В одном из вагонов дико завыла гармоника и грянула уральская «барабушка». Рыжий, вихрастый, с красным опухшим лицом парень, наклонив ухо к самой гармонике, свирепо дергал ее и пел:
Ах, не тужи ни ты, ни я,
Земляничника моя!
К песне присоединился пронзительный посвист и дикое поухивание…
Поезд медленно тронулся. Женщины с ревом шли за вагонами. Из вагонов махали платками.
Кричали:
— Живите чередом!
— Дядя Вася, не реви!
— Дяде Мише кланяйся!
Парень с гармошкой выставил ногу, чтобы на ходу ударить жандарма.
— Берегись, синемундирная шпана! — дико крикнул парень.
Весь день Подгорное ревело и пело песни, отправляя эшелоны.
Яков сказал сыну:
— Вот, как я говорил, так и вышло. Война пройдет, народу убавит, и жить вольготней будет. А забирают всех поголовно. Ну, тебя не заберут — ты один сын у меня.
Макар хмурился. Война вышибла его из колеи: машиниста взяли, забои опустели. Прииск работал вяло. С Архиповым назревал конфликт. Здесь шла молчаливая война. Компания снова разобрала перевалку Смородинки и пустила воду по прорезу. Безыменка надувалась, грозила снова затопить разработки Скоробогатова. Макар ночами посылал Телышкова, — тот бросал несколько патронов динамита в перехват старого русла, и прорез снова мелел.
«Я разорю вас, — думал Скоробогатов, — У вас тонка кишка супротив меня».
К осени компания Архипова бросила работы и передала за солидную сумму свою делянку на Акимовских логах артели мелких старателей.
Вскоре Суханов приехал к Макару.
— К тебе приехал потолковать, Макар Яковлич, — ласково заговорил он.
— Знаю, насчет прореза…
— Да, насчет водички. Тебе она не нужна, а нам до-зарезу надобна. Вишь, лето-то нынче засушливое было. Ты тут у нас прямо в пузо въехал.
— Ну, не я, а вы въехали!
— И те и другие друг другу помеха выходит, — спокойно говорил Суханов.
— Отводите ниже!
— Куда? Гора тут!
— Тогда не сговоримся!
— Нам-то что? Мы хотели с тобой мирно обойтись, без ссоры на соседнем деле. Ну, а если ты никак не поддаешься, так мы будем по-своему. У нас теперича на эту историю бумага есть.

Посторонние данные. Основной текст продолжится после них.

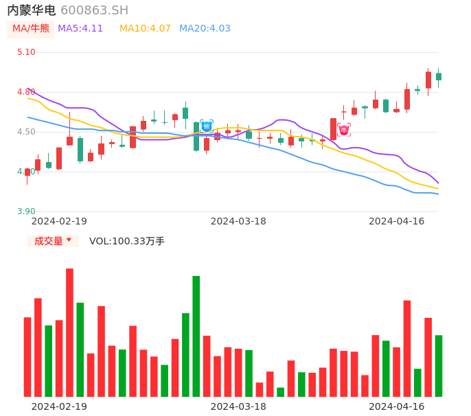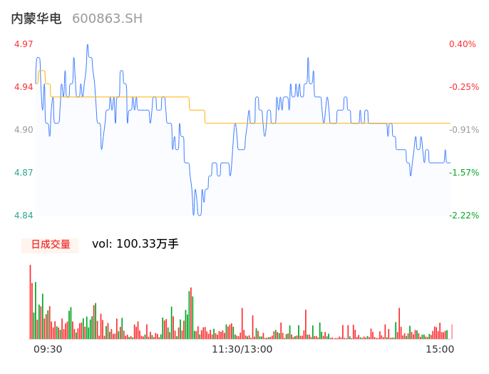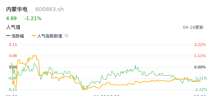 04月16日,内蒙华电收报4.89,股价涨幅-1.21%,成交金额4.93亿元,换手率1.54%。
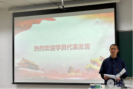随后,本次入党积极分子培训班学员、2021级本科生缪顺江进行发言。他首先感谢学院党委为大家提供了这次学习和交流的机会,并代表所有学员保证:积极参加党课学习,提高政治意识,强化党性原则;把政治追求和实际行动有机统一起来,以一名党员的标准严格要求自己,树立良好的形象;积极践行党为人民服务的宗旨勇于参与社会实践活动,在日常学习和生活中起到先锋模范作用;把个人利益与国家前途命运紧密联系起来,把对党和社会主义事业的无限热爱投入到中华民族伟大复兴的社会实践中去。
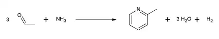 En una reacción similar se sintetiza 2-picolina a partir de acetaldehído y amoniaco:[63]
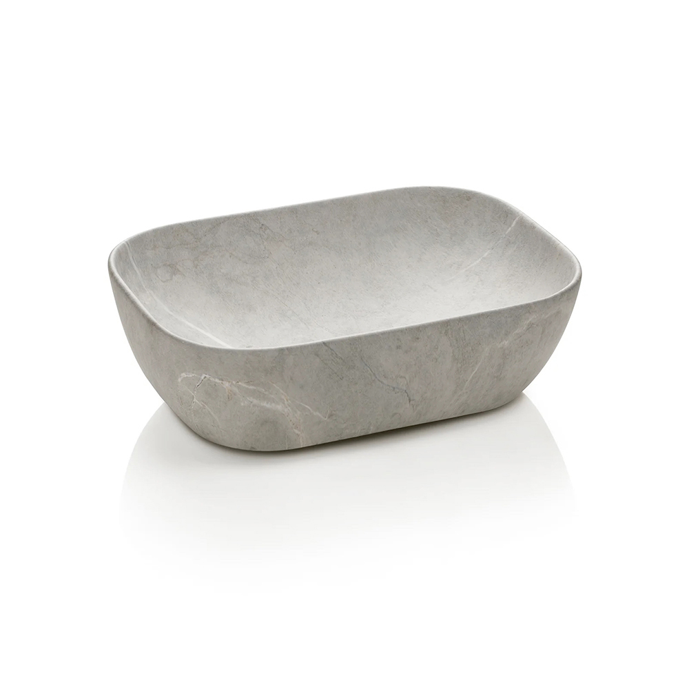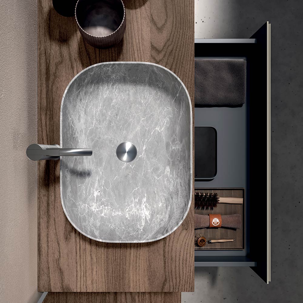 The grey stone ceramic washbasin adds a sophisticated touch of materiality: compact, functional and perfectly integrated into the composition, it combines resistance and style in a single element.
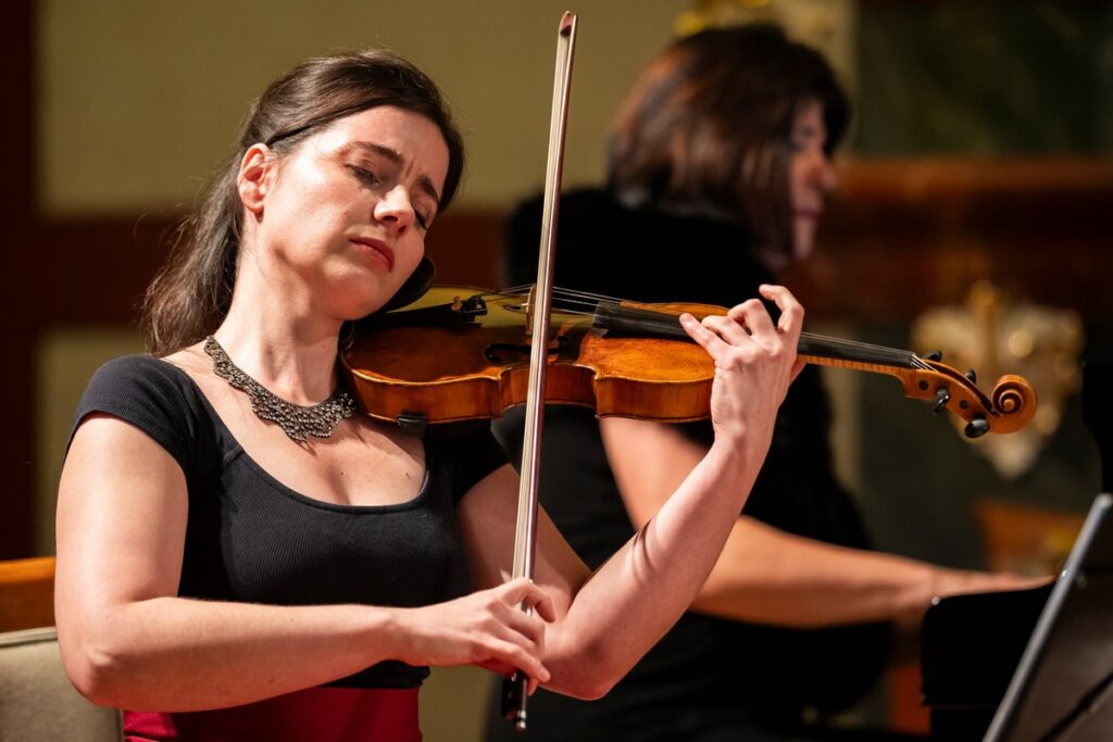 Po přestávce se obnovil původní posaz, klarinet vystřídaly housle Markéty Janouškové. Houslistka mě v průběhu večera zaujímala svým krásně jasným, čirým tónem; jakožto nová členka se svým zkušenějším kolegům zajisté vyrovná, přináší zase vlastní interpretační nuance, jež v kontextu souboru přináší osvěžující prvek. Hra Jana Páleníčka tvoří do jisté míry protipól hry houslistky. U Paleníčka je znát herní zralost, jeho tón je naopak spíše matný, což komplexitě divákova zážitku možná jen prospívá.

На другой день Скоробогатов поехал к Рогожину.
«За артель Мишку уконопатили, а сами этой артели рудник отдали», — думал он.
Но Рогожин, со свойственной ему изворотливостью, объяснил:
— Здесь не коллектив, а просто артель на паях. Это дело законное, разрешенное.
— А мне эти лога взять? Как по-вашему?..
— Можем!
— Как? — обрадованно спросил Скоробогатов.
— Я могу это дело сделать.
— Ну, как, как?..
— А это дело уже не ваше.
— Отблагодарю!..
— Дело придется вести с его превосходительством. Мне только за хлопоты.
— Валяй, слушай — а?..
Рогожин поморщился.
— Хорошо, будем валять. Заверните завтра.
И Рогожин «свалял». Больше половины старателей из сухановской артели мобилизовали, с Сухановым договор расторгли, а Рогожин положил в карман чек на пятьсот рублей.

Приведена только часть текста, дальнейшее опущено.